For GAMA there are 14 adult age groups, of which 11 show male advantage, but mostly tiny ones, only 3 being significant.

For IST there are 10 adult age groups, of which 2 show male advantage, and only the female advantage is significant.

Looking at the individual test results as a whole the picture is, as the authors imply, unconvincing on the male advantage hypothesis, even among those tests that cover adults.

However, almost all these tests do not report the raw scores, which is a considerable problem in ability testing. Why not? Well, many intelligence tests have idiosyncratic scoring systems according to the material used, number of items, additions for quick completion, reductions for partial errors, and so on.
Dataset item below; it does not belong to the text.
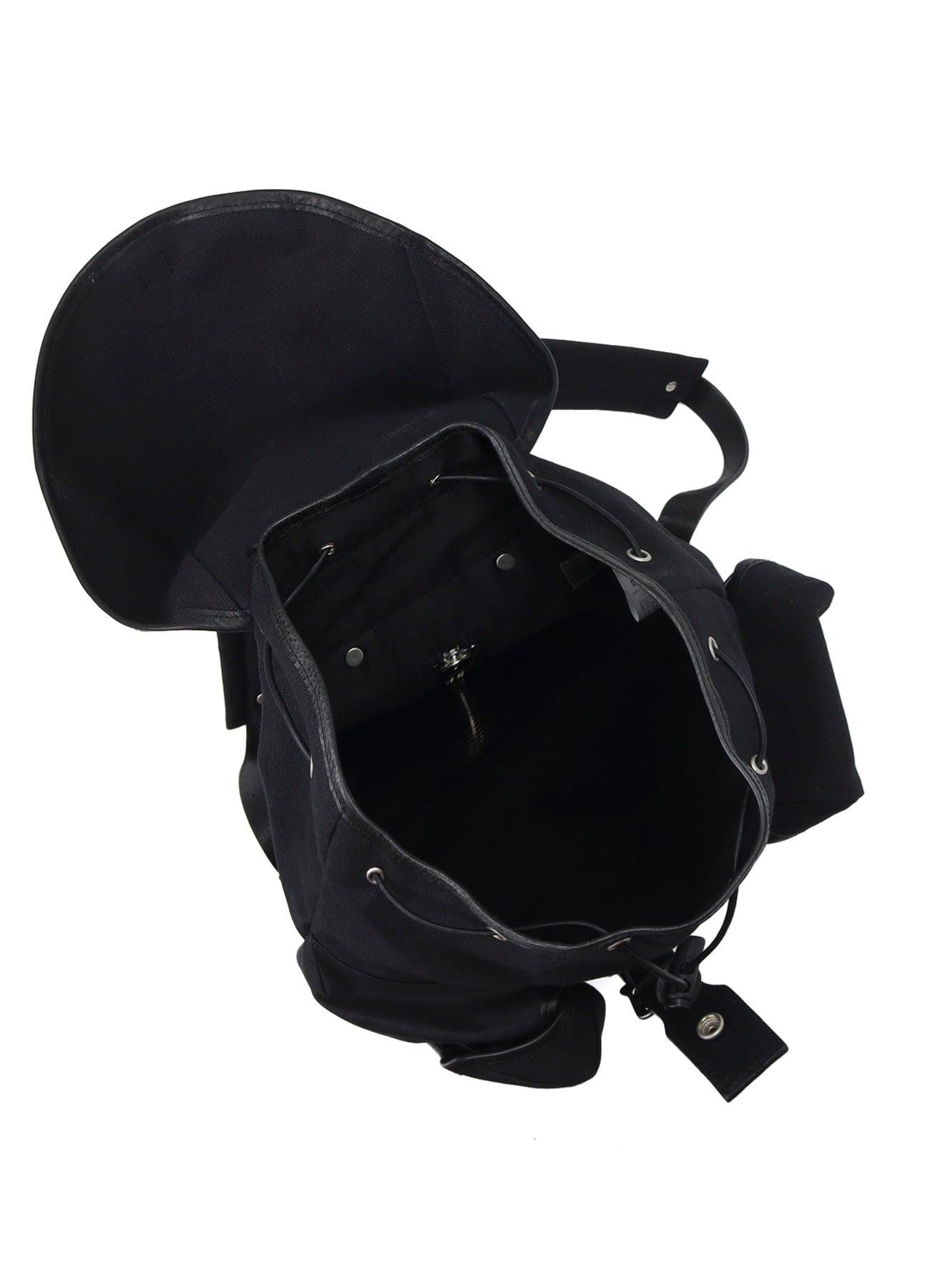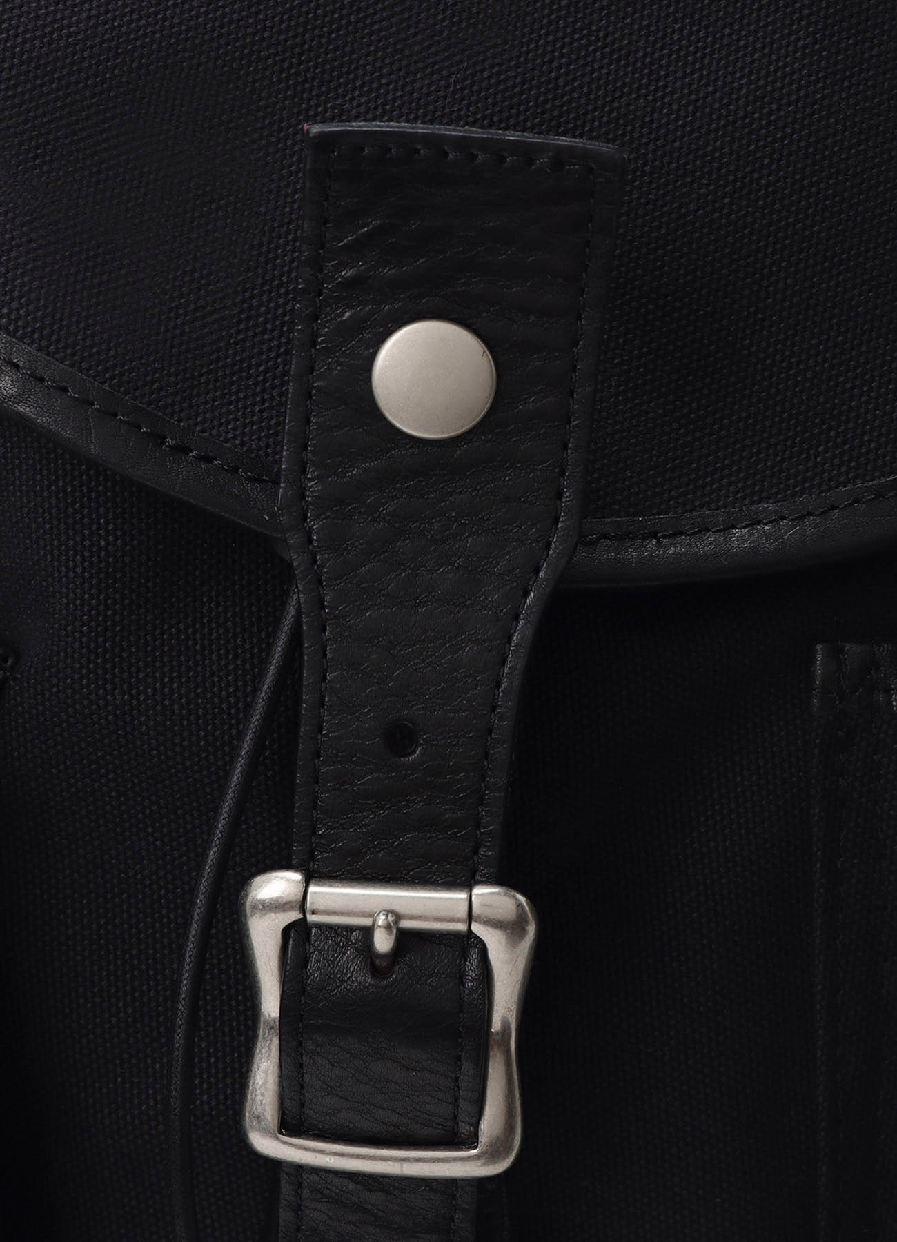 This military-inspired bon sac combines durable cotton canvas with leather accents, exuding a rugged military feel. It features a back zipper for easy access without opening the top flap. Note that the material may bleed due to friction or water exposure.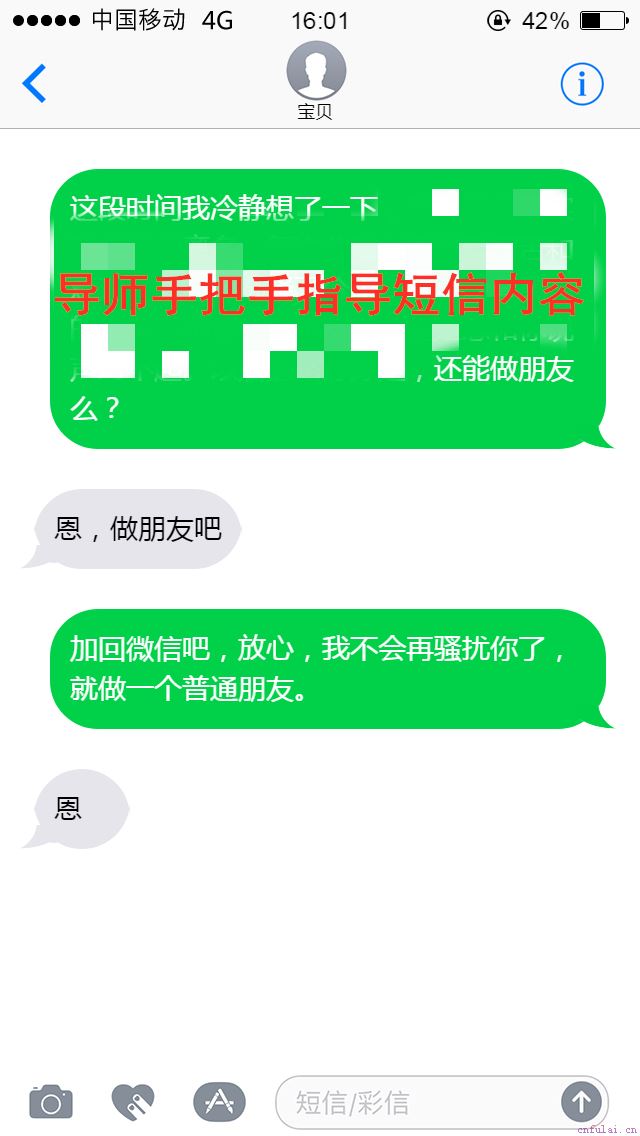 首先要从心态上去接受分手这个事实。也许分手之后你会想起来跨越遥远的距离去找她,也会想起来发动你和她各自的社交圈,也会想方设法的去承认自己的不足——但是这都为时已晚了,而且现在也尽量不要再去做了。接下来你要认同的一个观点就是:你要证明自己是可以把生活过的精彩的,甚至是比她还精彩。当你有了稳定可上升的工作模式,当你会按时进入健身房开始运动,当你每周都会有一到两次的朋友聚会和郊游,当你开始学习提升一些专业和生活技能,你就开始渐渐的形成了一个良性的状态——而且你欢迎她再回去做这个世界的女主人。当这样精彩的状态勾勒出来的时候,她不会再认为你们之前描述的那些未来是遥不可及的了,而是你已经在努力去营造的。所以,我指导孟君按照我的话术,发一条短信告诉目标(导师专业指导,切勿私自操作),自己已经接受分手的事实,隐藏自己的需求感。在这个阶段,道歉复合不是关键,稳住对方,保持联系才是最重要的!

So the real raw scores are changed into scaled scores, and those scaled scores may be drawn from different tables according to age. There is some scope for blurring reality. It should not affect sex differences, but the change from raw to scaled scores is not something easy to track down. This certainly has an impact on Flynn effect calculations. Looking at the raw scores on coding tasks or digits forwards and backwards for each age (where the raw score is a real ratio scale) would be very interesting, which should knock on the head any residual doubts.

If you inspect the torrent of individual results in the paper, there is little evidence of any consistent pattern of sex differences. The sample sizes for each age band are respectable though not large, so it was with some relief that I turned to their overall meta-analysis of the results in Table 7, though that table is a little hard to read. A positive Cohen’s d score reveals a male advantage. The Q score is the Chi-square test result, with the degrees of freedom in brackets. The L squared test gives the chi-square results corrected for degrees of freedom and calculates the percentage of the variability in effect estimates that is due to heterogeneity rather than sampling error.

However, to test Lynn’s hypothesis we should have a Table 8 which restricts itself to the 17 year+ adults, up the whole age range. This would be interesting.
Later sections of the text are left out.